Reinforcement Learning
The way you posed the problem made me immediately think of reinforcement learning. In this case, you want to learn the likelihood of an action based on the features. This could be constructed using a Markov Decision Process. This is valuable because it can quickly learn despite distributional changes. In fact, the learning rate $\alpha$ can determine the amount of "memory" in your learner.
For a comprehensive discussion and extensive literature review, look at these slides: http://www.cs.nyu.edu/~mohri/mls/lecture_11.pdf
I hope this helps, let me know if any of these sound like they might apply to your case and I can elaborate.
Best Answer
The streaming setting in machine learning is called "online learning". There is no exact support vector machine in the online setting (since the definition of the objective function is inherently for the batch setting).
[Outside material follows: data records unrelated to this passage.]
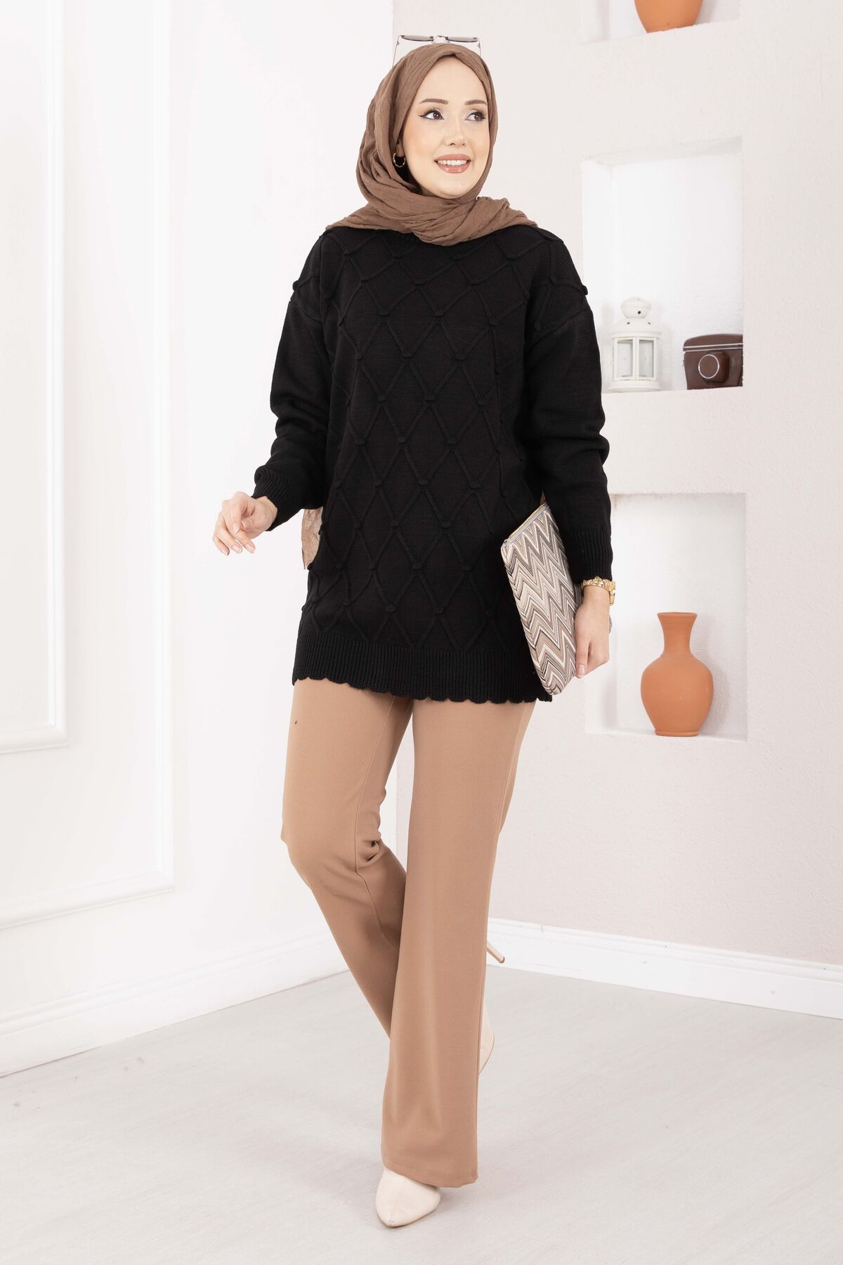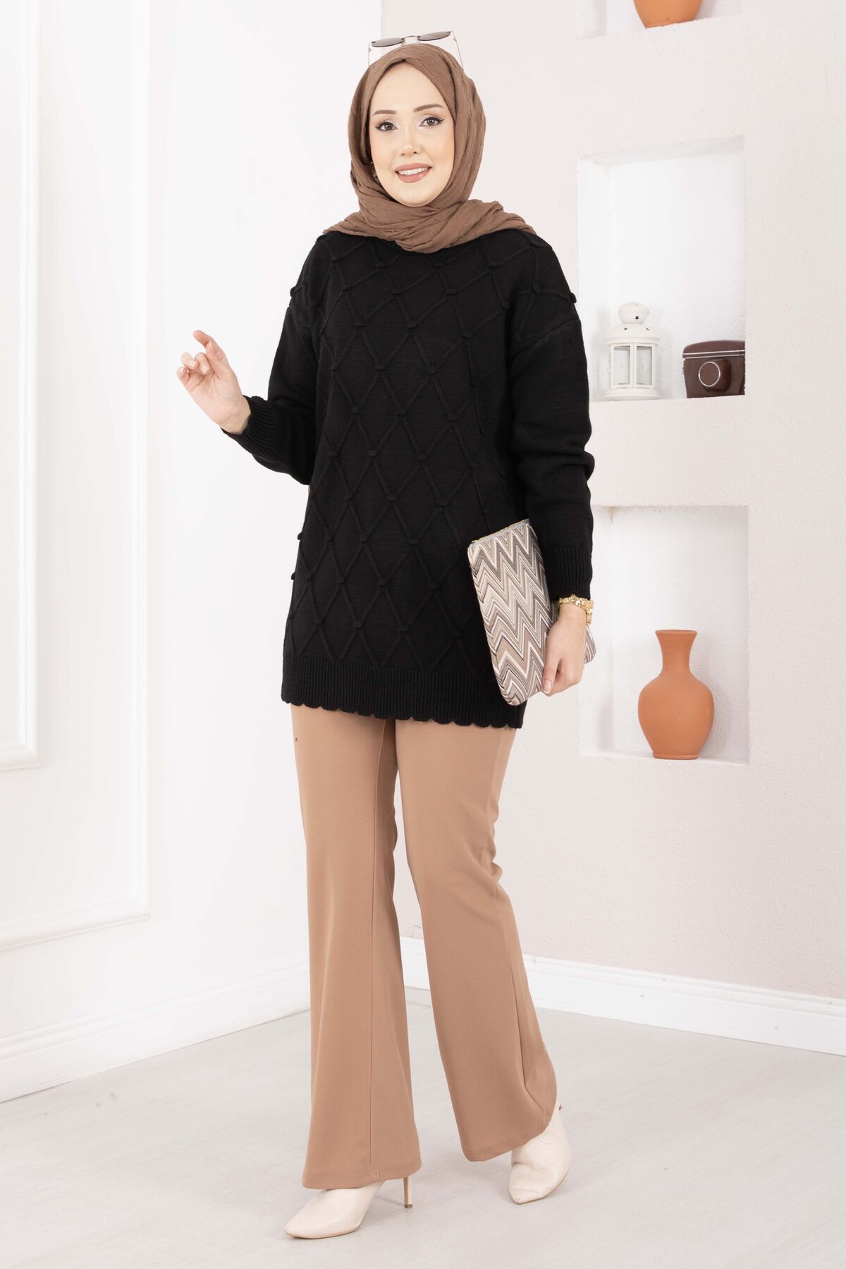 Modern ve şık tasarımıyla öne çıkan Baklava Desen Ponpon Detaylı Triko Kazak, baklava deseni ve ponpon detaylarıyla kombinlerinize hareketli ve zarif bir hava katar. Yumuşak dokulu triko yapısı sayesinde gün boyu konfor sunar. Günlük şıklıktan ofis kombinlerine kadar pek çok farklı tarzla rahatlıkla uyum sağlar.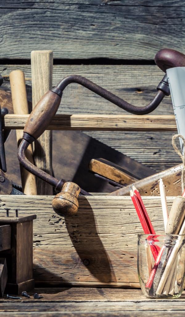 Обои Столярные инструменты в ящике на столе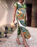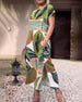 SPECIFIKATIONER Stil: Enkel Material: 97% Polyester, 3% Spandex Klänningstyp: A-linje Klänning längd: Maxi Urringning: Rund nacke Mönstertyp: Löv Typ av ärm: Vanlig ärm Ärmlängd: Kortärmad Detaljer: Knappar, Slits Passform typ: Vanlig Säsong: Vår, Sommar, Höst Tillfälle: Dagligen Paketet innehåller: 1 x Klänning STORLEKSTABELL(cm) ...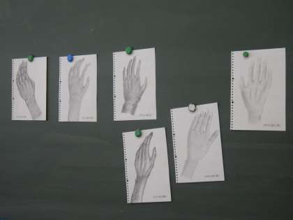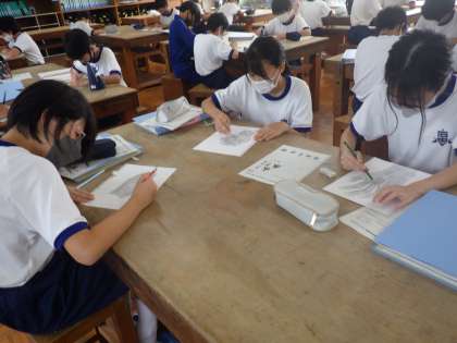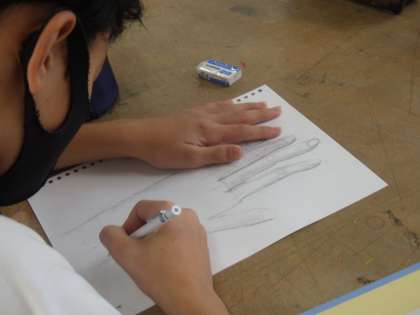 「12歳の手」をテーマにスケッチに取り組んでいました。自分の手をじっと見つめ、黙々と活動に取り組んでいます。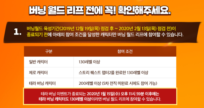 버닝월드에 있는 내 캐릭터에 접속하면 캐릭터가 버닝리프존에 올 거예요. 오른쪽에 보시면 육성기간이 끝나고 130레벨부터 리프가 가능하다고 나와있죠?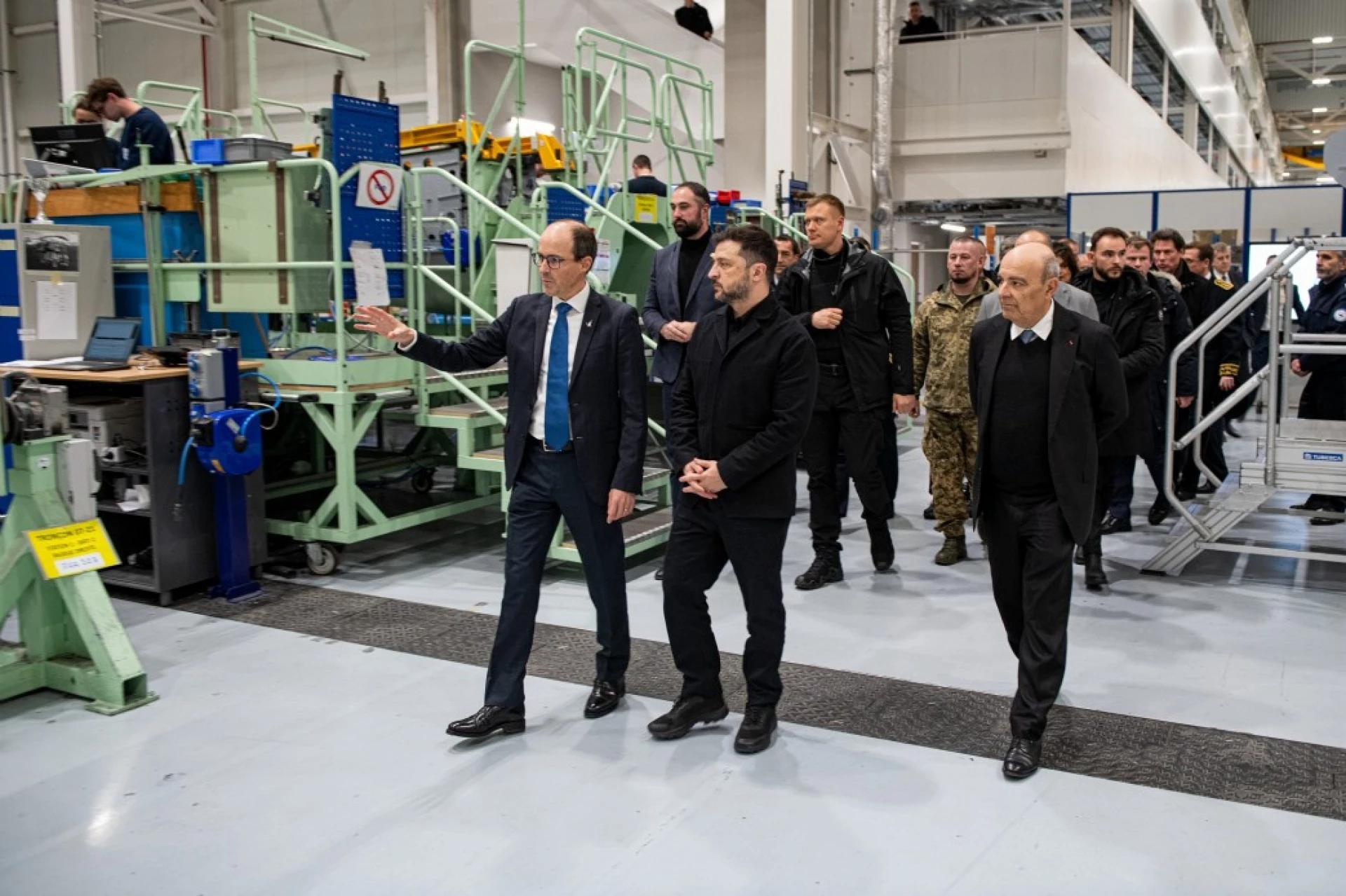 Ерик Трапие представи на украинския държавен глава производствените мощности на предприятието и говори за техническите характеристики и възможности на военните самолети.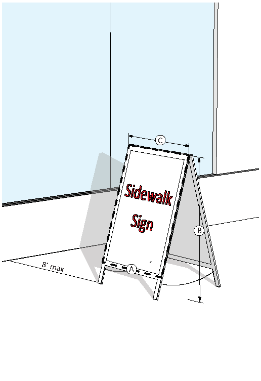 Outdoor display cannot impair the ability of pedestrians to use the sidewalk or parking areas and must comply with ADA clearance and accessibility.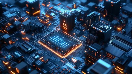 Futuristic Cityscape With Circuit Networking Animation Videos
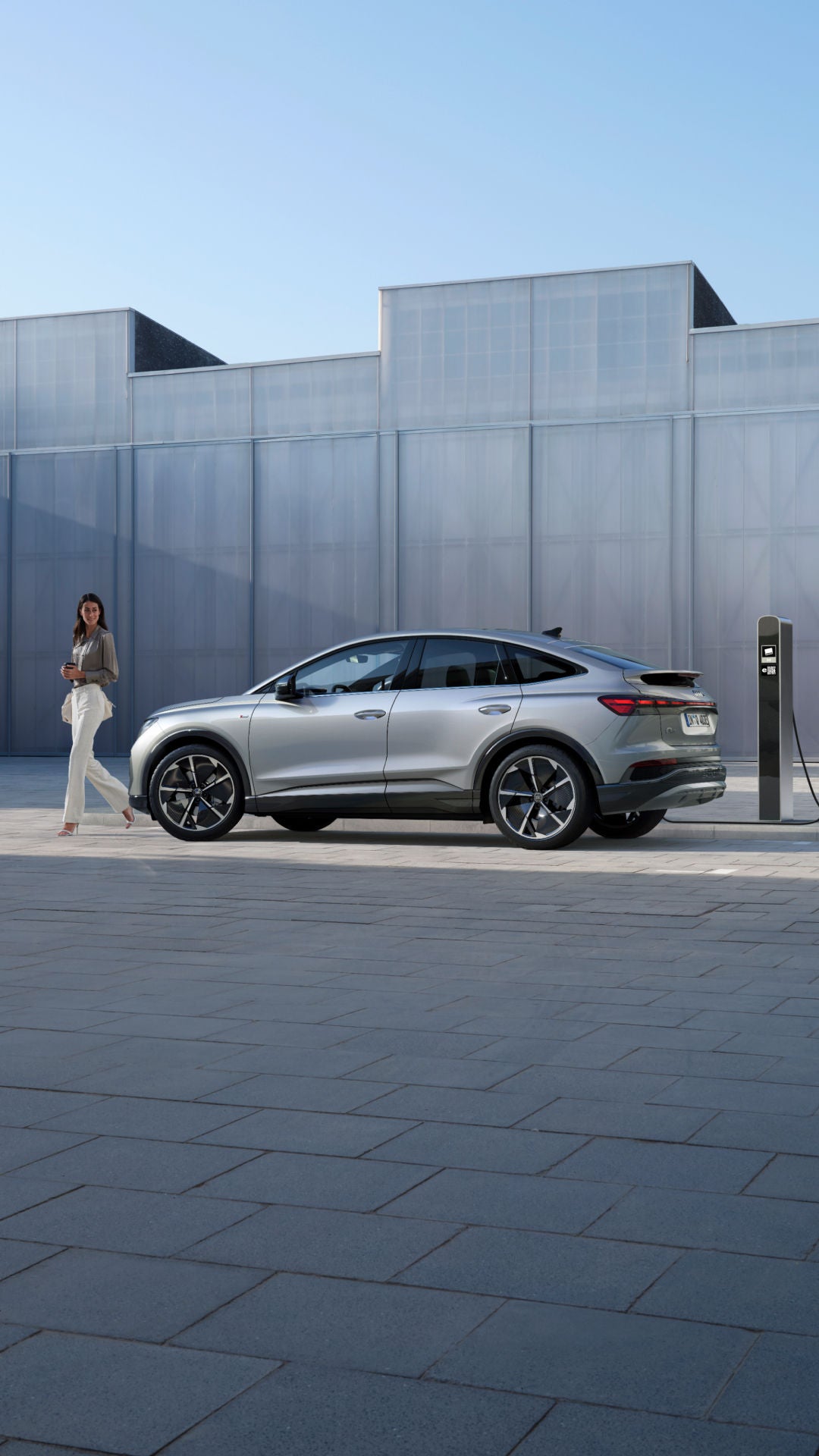 Gamme Audi Q4 Sportback e-tron : consommation en cycle mixte WLTP (kWh/100 km) : 16,0 - 17,6. Rejets de C02 en cycle mixte WLTP (g/km) : 0 en phase de roulage. Valeurs susceptibles d’évolution. Tarif au : 20/06/24.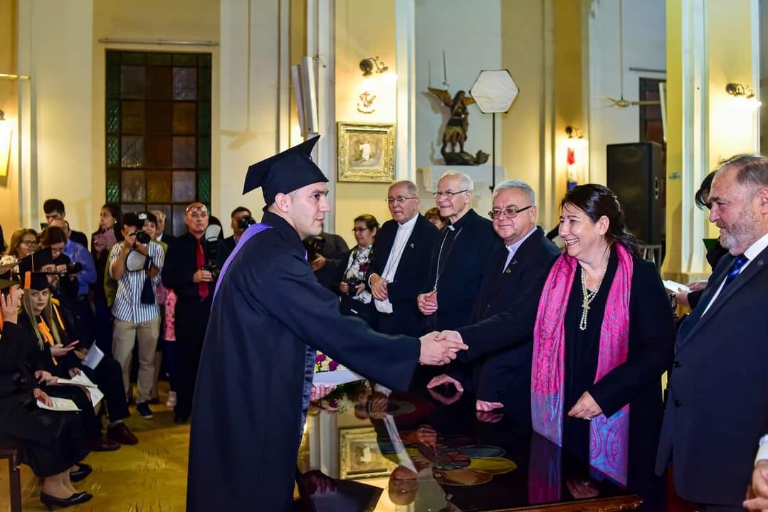 El pasado viernes 12 de agosto se realizó la Ceremonia de Graduación de los estudiantes egresados de las carreras de Administración de Empresas, Ciencias Contables, Derecho y Análisis de Sistemas Informáticos de la Unidad Pedagógica Guarambaré. El acto se realizó en la Parroquia Natividad de María.
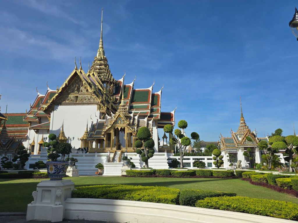 Heute bekam mein „Jaguar“ ein paar Streicheleinheiten. Reinigen mit den in Malaysia gekauften „Feuchtetücher für Autos“ und prüfen des Luftdrucks der Reifen, vor allem im Vorderreifen nach dem Plattfuss vor vier Tagen. Danach besichtigte ich den Grossen Palast. Der Grand Palace war bis 1946 die offizielle Residenz der Könige von Siam. Natürlich war ich nicht alleine dort. Gefühlt 10000 Chinesische Touristen-Gruppen waren auch dort. Und sie sind so laut – unglaublich. Es kam mir auch respektlos vor. Andere Länder – andere Sitten. Nach dem Besuch des Palastes bin ich noch durch das Quartier ums Hotel gestreift. Nach dem ganzen Prunk und Pomp fällt einem das Elend und der Schmutz, in dem einige Menschen auf der Strasse leben, als Kontrast erst so richtig auf. Am Tag wird auf den Trottoirs alles verkauft. Vom einzelnen Bügel einer Brille bis zum alten Sex-Heftli, einfach alles, was man sich nur vorstellen kann. Am Abend machen die Strassenhändler den Strassenküchen Platz. Und bei diesen isst man wirklich fein.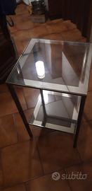 Elegante espositore che può essere utilizzato come portabottiglie, piante o altri oggetti. Ideale x open space e loft. Piano superiore in vetro trasparente. Struttura in metallo color oro. Ripiano intermedio in vetro. Ritiro sul posto, non SPEDISCO.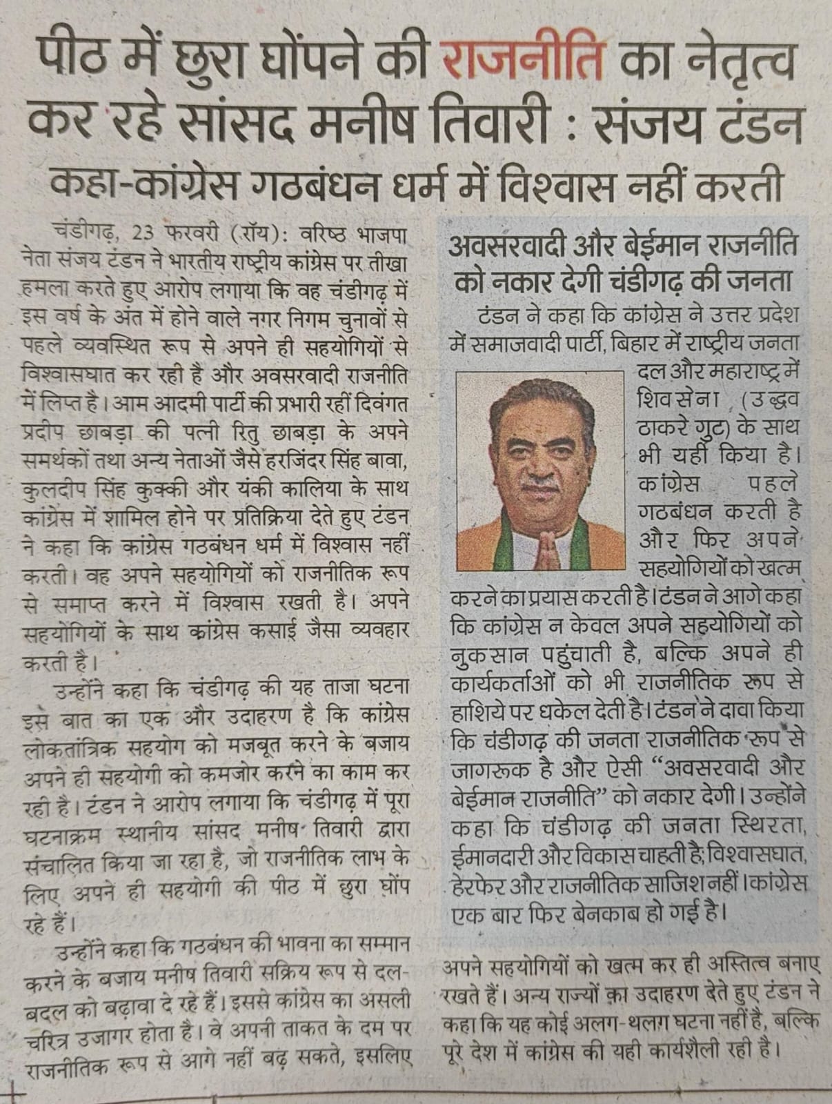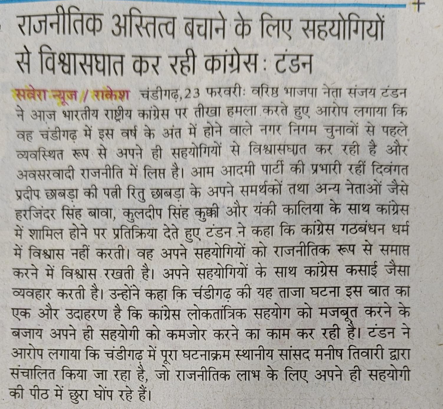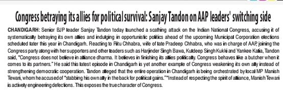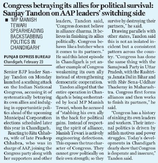 पीठ में छुरा घोंपने की राजनीति का नेतृत्व में कर रहे सांसद मनीष तिवारी : संजय टंडन +7 more storiesकहा- कांग्रेस गठबंधन धर्म में विश्वास नहीं करतीTeam Sanjay TandonFeb 24, 2026SharePreviousNext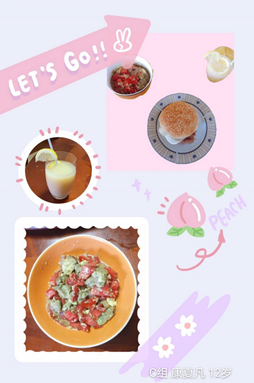6/8: 今天我们上了烹饪课,我还挺喜欢的。我们学了怎么做素食汉堡还有墨西哥牛油果和无酒精mogito。老师把过程都讲了一遍也提到了吃素食可以保护环境也可以身体健康。做的时候很有趣,很好玩也很好吃。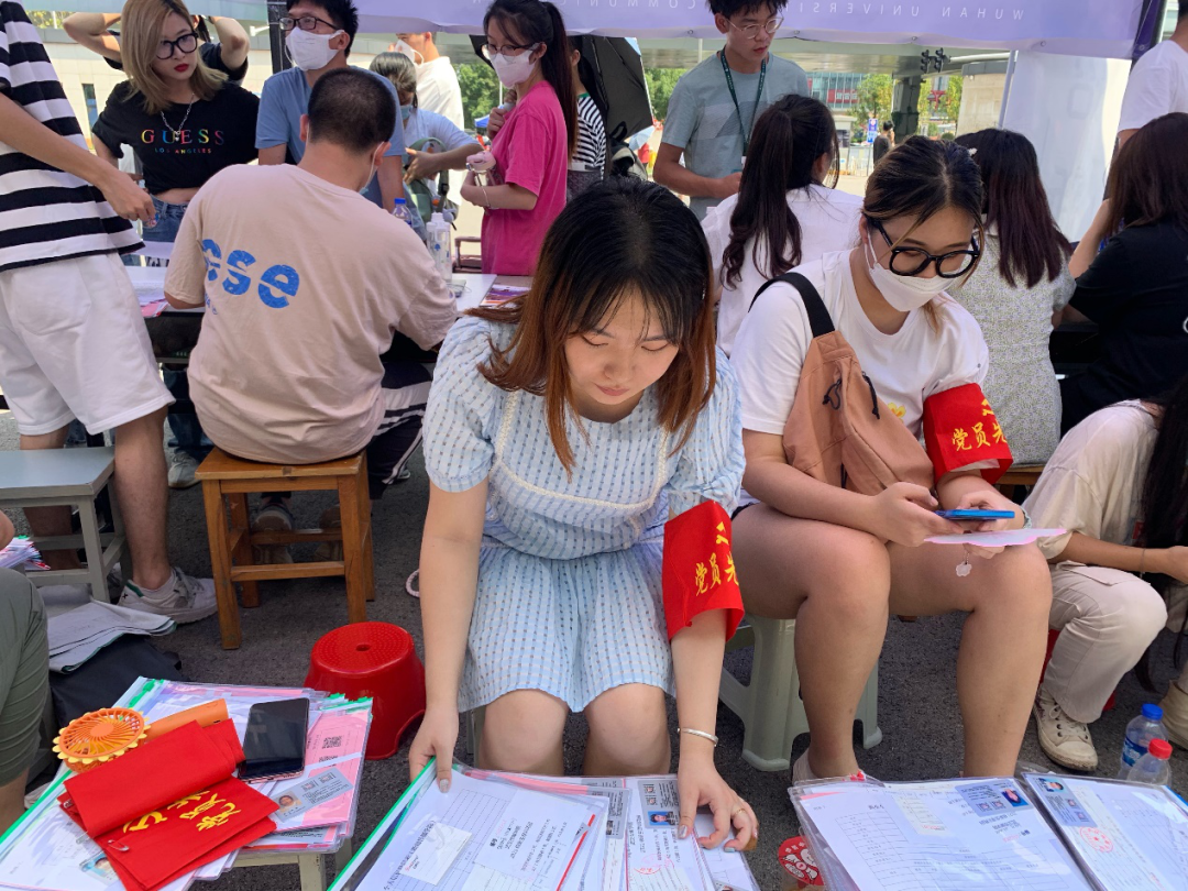 (少数民族学生党员郝程同志在党员服务驿站为新生办理报道手续)

Probably the most straightforward generalization of the SVM to the online setting are passive-aggressive algorithms. Code is here http://webee.technion.ac.il/people/koby/code-index.html and an associated paper is here http://eprints.pascal-network.org/archive/00002147/01/CrammerDeKeShSi06.pdf
The basic idea is that one recieves data as $(\mathbf{x},y)\in\mathbb{R}^d\times [k]$ pairs with query points $\mathbf{x}\in \mathbb{R}$ where $k$ is the number of labels. The algorithm maintains a weight matrix $W_t\in \mathbb{R}^{k\times d}$ at iteration $t$ the algorithms recieves a data point $\mathbf{x}_t$ and then gives predicted scores $\hat{\mathbf{y}}_t=W\mathbf{x}_t$ for each of the labels and it predicts the highest scoring label as the true label. If the prediction is wrong then the algorithm makes the smallest change to $W_t$ such that it will avoid that mistake in the future. Smallest change is here defined in terms of the Frobenius norm.